• Extracted entries:
━━━━━━━━━━━━━━━━━━━━

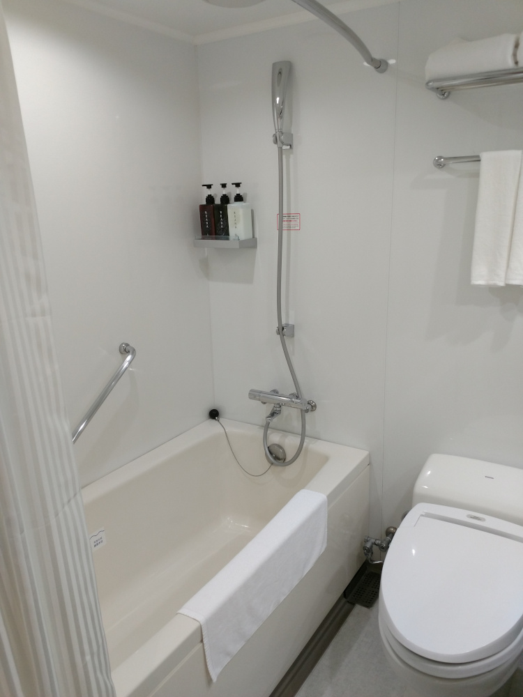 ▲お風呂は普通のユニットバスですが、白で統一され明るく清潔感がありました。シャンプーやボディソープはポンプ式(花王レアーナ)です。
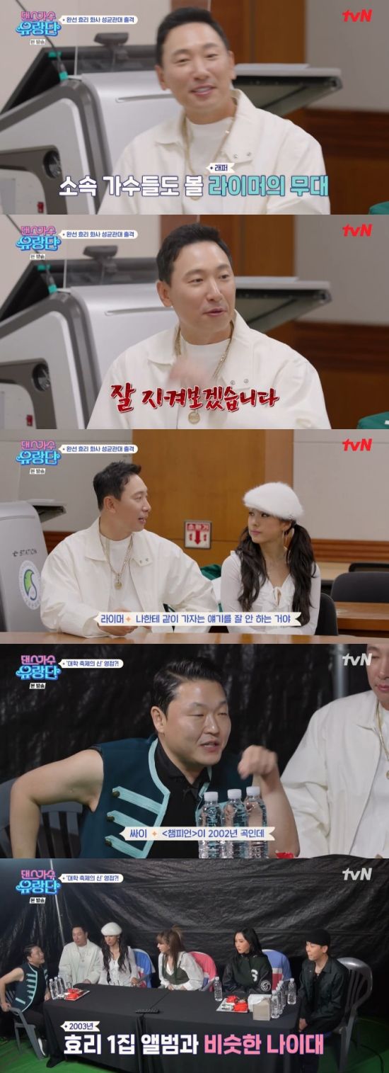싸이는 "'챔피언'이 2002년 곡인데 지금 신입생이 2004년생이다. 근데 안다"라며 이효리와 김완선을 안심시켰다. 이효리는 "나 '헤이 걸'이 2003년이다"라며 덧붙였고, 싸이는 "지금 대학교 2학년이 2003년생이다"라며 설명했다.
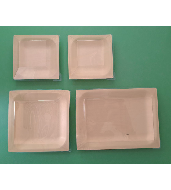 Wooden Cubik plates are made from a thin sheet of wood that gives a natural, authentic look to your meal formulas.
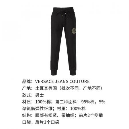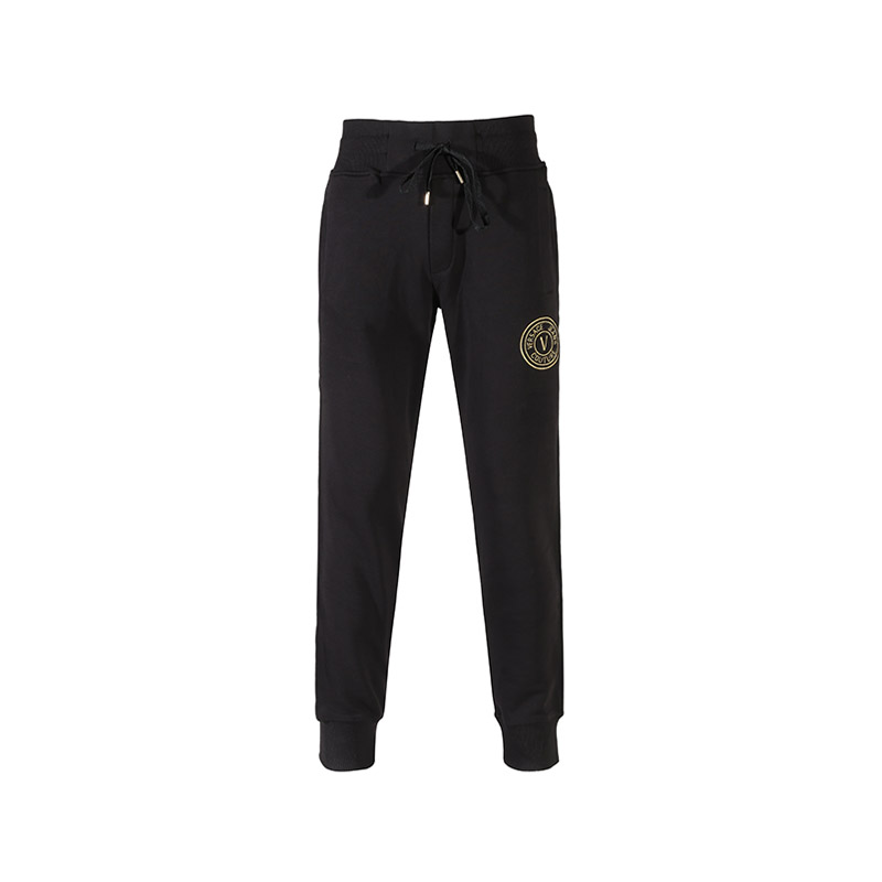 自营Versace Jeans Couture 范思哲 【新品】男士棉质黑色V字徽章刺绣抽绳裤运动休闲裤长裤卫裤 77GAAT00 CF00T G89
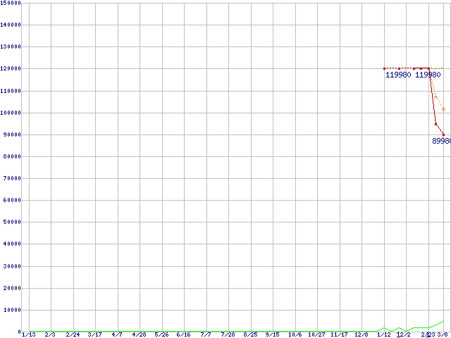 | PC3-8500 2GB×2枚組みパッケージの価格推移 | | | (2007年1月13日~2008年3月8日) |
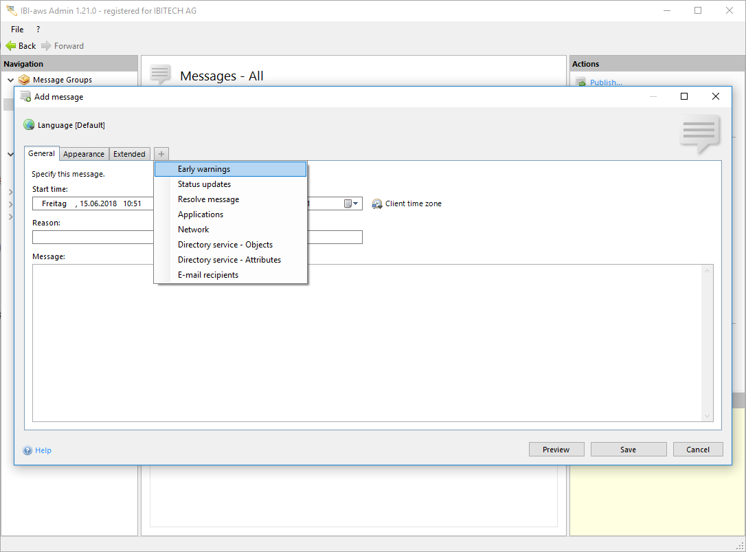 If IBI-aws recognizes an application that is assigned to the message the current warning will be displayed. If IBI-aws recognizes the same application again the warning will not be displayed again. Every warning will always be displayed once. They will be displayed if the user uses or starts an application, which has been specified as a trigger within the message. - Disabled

━━━━━━━━━━━━━━━━━━━━

Beginning with the first line of the records above, extract each line exactly through the line that holds "2GB×2枚組みパッケージの価格推移 | | | (2007年1月13日~2008年3月8日) |", both ends included. Omit pictures.

 ▲お風呂は普通のユニットバスですが、白で統一され明るく清潔感がありました。シャンプーやボディソープはポンプ式(花王レアーナ)です。
싸이는 "'챔피언'이 2002년 곡인데 지금 신입생이 2004년생이다. 근데 안다"라며 이효리와 김완선을 안심시켰다. 이효리는 "나 '헤이 걸'이 2003년이다"라며 덧붙였고, 싸이는 "지금 대학교 2학년이 2003년생이다"라며 설명했다.
 Wooden Cubik plates are made from a thin sheet of wood that gives a natural, authentic look to your meal formulas.
 自营Versace Jeans Couture 范思哲 【新品】男士棉质黑色V字徽章刺绣抽绳裤运动休闲裤长裤卫裤 77GAAT00 CF00T G89
 | PC3-8500 2GB×2枚組みパッケージの価格推移 | | | (2007年1月13日~2008年3月8日) |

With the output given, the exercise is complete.